In less than ten days a new Prime Minister will take his place at the lectern outside Number Ten to tell us his vision of the UK post Brexit. After tussling his hair he will flit from profound Churchillian language to that of the school wag and urge us on to be positive and to get our noses to the grindstone of making Brexit a success. No prizes for guessing who that will be then.
He will then have his work cut out in striking a balance between the belligerence of his recent past hard Brexit stance and the realities of having to achieve the most difficult task any Prime Minister has faced since, well since a number of times in recent history really. This will certainly not be easy, but it will not be impossible.

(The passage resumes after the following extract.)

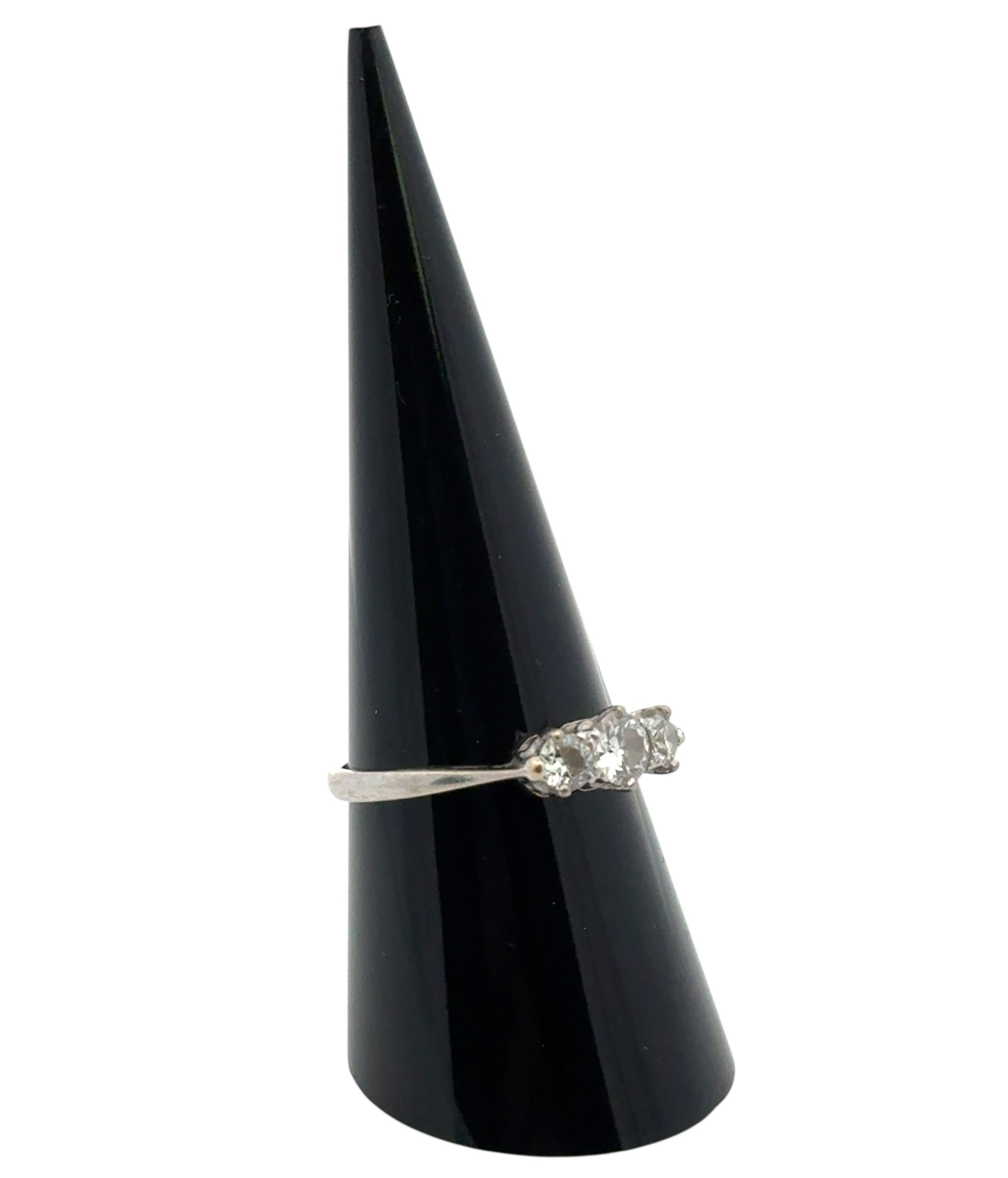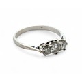 A three stone diamond ring in unmarked white metal, tested a...

The televised debate between the candidates last week revealed little. Televised debates, a silly show business idea imported from across the pond, never do, but Boris did make one thing clear, he will take no option off the table. This is one thing about which he is consistent — throughout his political career Boris has always hedged his bets because the only thing that really matters is getting to stand at that lectern.
This might be one of those rare occasions where duplicity is a virtue in politics and Boris is a master of that trade. He has assured us that “come what may, do or die” we are leaving on the 31st of October. “Come what may” includes leaving without a deal and even the thinly veiled and hopelessly unrealistic threat of proroguing Parliament. “Do or die” of course includes the option of leaving the EU under the terms of his soon to be predecessor’s deal. Boris will do what suits Boris, and excluding the prorogation option, he is capable of either.
In a recent radio interview Tory grandee and enthusiastic Brexiteer Michael Portillo suggested how Boris could get Mrs May’s deal through the recalcitrant Parliament. While making a point of emphasising that he was no fan of Boris on several occasions during the interview, he postulated that the soon to be PM had certain talents that might work. Boris Johnson is a celebrity and a charmer, hardly characteristics of Mrs May. He may be able to garner sufficient support from pro Brexit Labour MP’s to get the deal through.
“Come what may” we may have the backstop after all. After all, that will take us out of the EU “do or die”. Come what may, the fanatics of the ERG might find that there is no appetite in the party to really risk a general election and a real do or die for the Conservative government. The Labour Party are in no mood and certainly no shape for a general election so there may be more of them on Boris’s side than they might be comfortable with. Faced with doing or dying both parties might be pragmatic.
There will be some who will rebel. There may even be some who resign but it is unlikely. If Boris manages to take us out of the EU, it does not seem likely that any will chose the ‘dying’ option over the ‘doing’.
Like Michael Portillo, your writer is no fan of Boris either, but political fan clubs and personalised politics have no place in a crisis. He might just do it. Politics is about results, not integrity; it is about getting the job done, not loyalty to party or individuals, and Boris is certainly well experienced in that field.
For years we have heard a constant stream of betrayal stories, duplicity stories, lack of integrity stories and personal attacks on the character of all the major players in this momentous series of events, but especially Boris Johnson himself. They were all a pointless distraction. People have rows with their girlfriends all the time. Plenty of the political greats had extra marital affairs. Even those virtually canonised like President Lincoln and Winston Churchill himself were no strangers to duplicity and hypocrisy.
On the 1st November this year the new PM must carry out his “do or die” promise because “come what may” if he does not, he will be the shortest incumbent in Number Ten since George Canning staggered between April and August 1827.
After over three years of Brexit madness, the consequences of that do not bear thinking about.
Barry Turner is a Senior Lecturer in War Reporting and Human Rights and a member of the Royal United Services Institute.